▸ **Action item**
What is needed is an exact transcription of the listing, with the images removed.
----- Input data -----
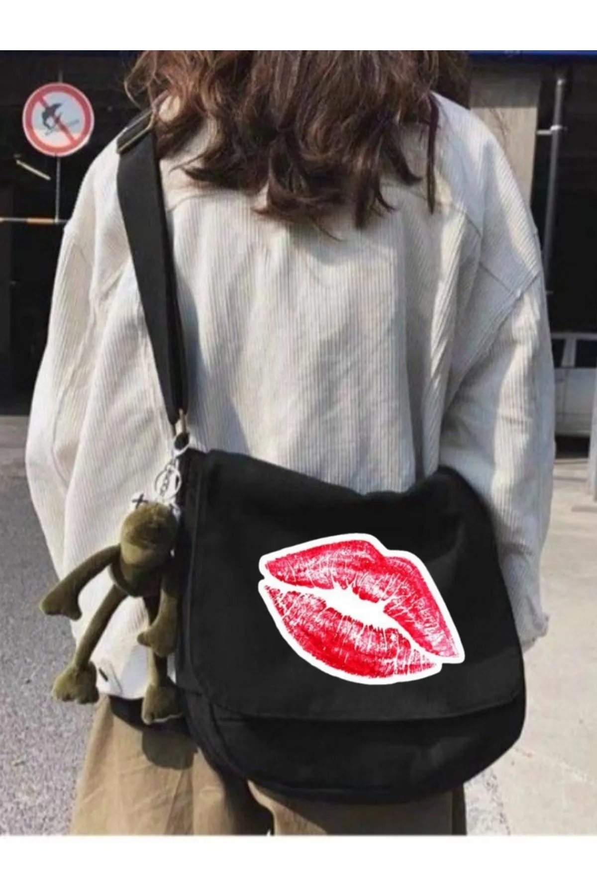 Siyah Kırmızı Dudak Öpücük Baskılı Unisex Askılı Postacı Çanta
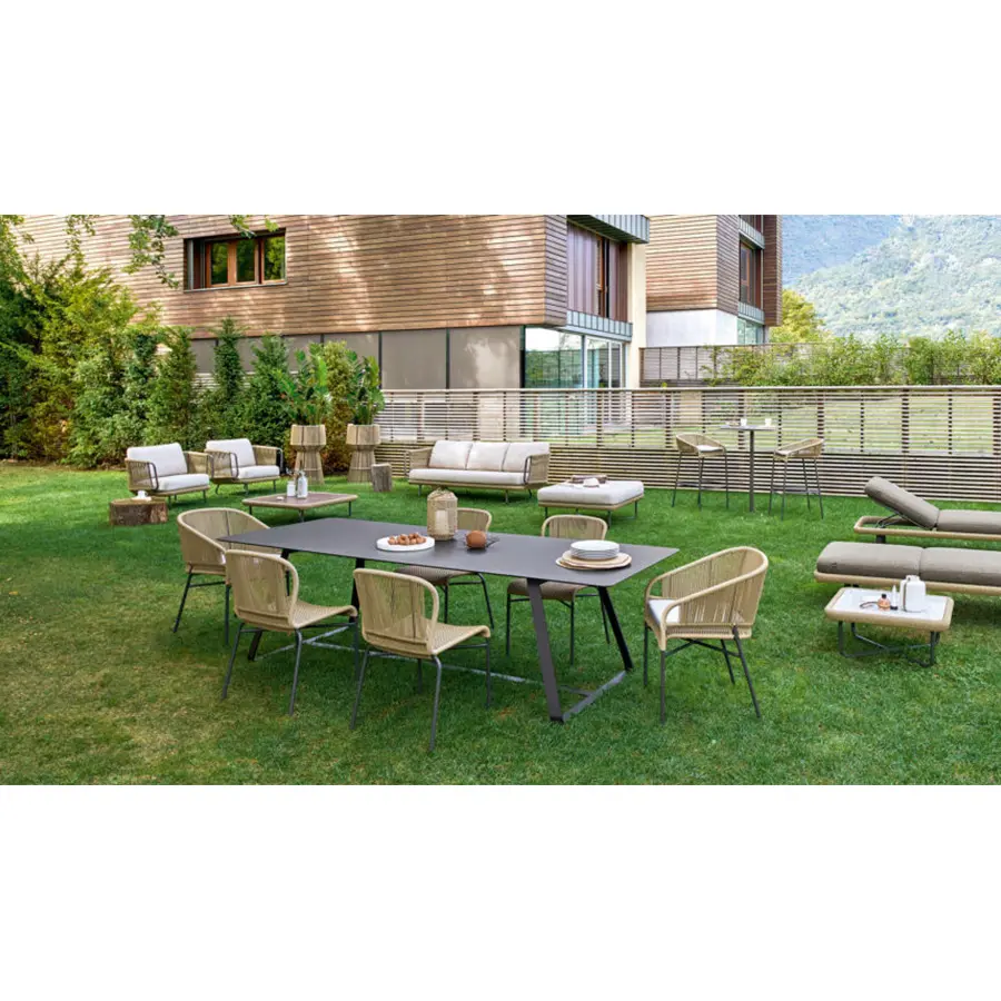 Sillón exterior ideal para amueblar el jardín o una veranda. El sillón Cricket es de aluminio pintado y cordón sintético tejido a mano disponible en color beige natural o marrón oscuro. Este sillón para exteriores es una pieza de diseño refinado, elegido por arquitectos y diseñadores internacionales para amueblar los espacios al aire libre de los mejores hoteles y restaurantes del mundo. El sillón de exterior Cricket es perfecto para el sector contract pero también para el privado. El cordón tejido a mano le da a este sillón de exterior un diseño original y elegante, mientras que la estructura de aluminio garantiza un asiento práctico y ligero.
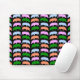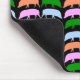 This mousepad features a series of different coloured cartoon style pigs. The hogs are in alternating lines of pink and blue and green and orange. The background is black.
-----
▸ **Result for this task**
 Siyah Kırmızı Dudak Öpücük Baskılı Unisex Askılı Postacı Çanta
 Sillón exterior ideal para amueblar el jardín o una veranda. El sillón Cricket es de aluminio pintado y cordón sintético tejido a mano disponible en color beige natural o marrón oscuro. Este sillón para exteriores es una pieza de diseño refinado, elegido por arquitectos y diseñadores internacionales para amueblar los espacios al aire libre de los mejores hoteles y restaurantes del mundo. El sillón de exterior Cricket es perfecto para el sector contract pero también para el privado. El cordón tejido a mano le da a este sillón de exterior un diseño original y elegante, mientras que la estructura de aluminio garantiza un asiento práctico y ligero.
 This mousepad features a series of different coloured cartoon style pigs. The hogs are in alternating lines of pink and blue and green and orange. The background is black.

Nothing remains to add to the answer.